ろくでなしのうた

 羂索は陽だまりに浸かったような心地に満たされながらゆるゆると瞬いた。
 まだ寝起きではっきりとしない頭を掻きながらのそりと上半身だけを起き上がらせる。
 ──なんだか、すごくいい夢を見た気がする。
 いい夢、という朧げな感触は残っているものの、それがどんなものだったのかは目覚めてしまった今となっては判然としない。
 ただ、いい夢だった。
 夢見がいいおかげかなんだか心ばかりでなく身体もすっきりしている。溜まっていた澱がなくなったような感覚だった。
 寝室のカーテンの隙間から入ってくる陽射しは明るく、気持ちのいいくらいの晴天だ。ただ陽射しの強さを見る限り時間帯はとっくに朝を過ぎて昼を迎えているように思えた。

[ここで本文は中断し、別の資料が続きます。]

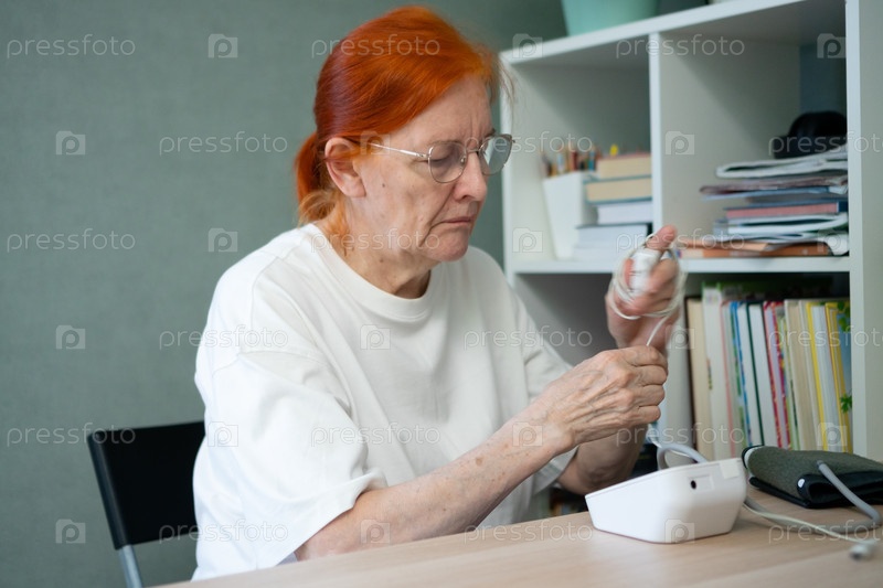 Зрелая женщина подключает пуповину монитора артериального давления

 寝起きの頭でそんなことをぼーっと考えながら、ベッドサイドに置いてあったスマホを取る。今の時刻を確認するために画面をタップすると現在時刻とともに髙羽からのメッセージが通知に表示されていた。
 
『ごめん、バイト先から連絡があって朝イチのシフトに入ることになったから帰る。合鍵勝手に借りちゃったけど次会ったときに返すから』
 
 髙羽からのそのメッセージを読んで羂索は漸う昨日のことを思い出した。
 昨日は羂索の部屋で髙羽と二人で飲み会をしたのだ。
 一ヶ月ほど前に先輩芸人が流行病にかかり、急遽その代打で羂索たちピンチャンが生放送の特番に出ることになった。代打とはいえ、ひな壇芸人の中でもそれなりに目立つ結果を残すことになり、羂索たちとしても手応えを感じた仕事だった。その手応えは間違いではなく、その特番からじわじわと仕事が増え始めた。まだまだ売り出し中であることには違いないし、髙羽だってまだバイト戦士と芸人の二足の草鞋を履いている。けれども、羂索たちは確実に芸人として芽が出始めていた。

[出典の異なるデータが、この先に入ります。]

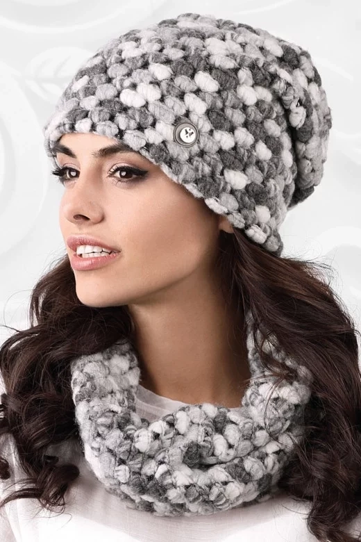 Komplet čepice a šála K.22.261.05 Světle šedý - Kamea

 以前よりスケジュールを埋めるようになった仕事をこなしていると一ヶ月はあっという間に過ぎた。そんな折に羂索たちが代打をつとめた先輩芸人から連絡があったのだ。やっと体調が万全に回復して、仕事にも復帰し、一時休業からばたついていた環境も落ち着いたらしい。
 ──この前は迷惑かけたな、すげぇ助かったよ。それで、遅くなって悪いんだけどこれ昨日行ったロケで買ってきてさ、
 羂索たちの楽屋に来た先輩はそう言ってロケ先の酒造で買ったのだという泡盛数本と、その酒に合いそうなそれなりに値の張ったつまみが入った袋を羂索たちに渡した。
 ──俺の主観だけど試飲して特に美味かったやつ選んだから。この前の礼と思って遠慮なく受け取ってくれ。
 病後の慌ただしさが落ち着いたとはいえ第一線で活躍し、スケジュールが詰まっている先輩は挨拶もそこそこに去っていった。
 ぱたんと締まったドアを見ながら羂索は、そういえば明日は二人ともオフだったな、と思った。
 スケジュールがびっしり埋まっているなんてことは未だないけれど、以前より忙しくなったこともあり二人でゆっくり酒を飲むなんてことはしばらくしていなかった。髙羽のバイトもないし、自分にも特に何かしなければならない予定もない。だったら、と髙羽の方を見ると、同じことを考えていたらしい相方が浮き立つような空気を纏わせて言った。
「久しぶりにしちゃう?」
「しちゃうか」

 その日の仕事場からは羂索のマンションの方が近かったので、飲み会の場所は羂索のマンションになった。二人とも普段は泡盛なんて飲まないから、一応飲み慣れた缶ビールや缶チューハイ、追加のつまみなども買って帰路につく。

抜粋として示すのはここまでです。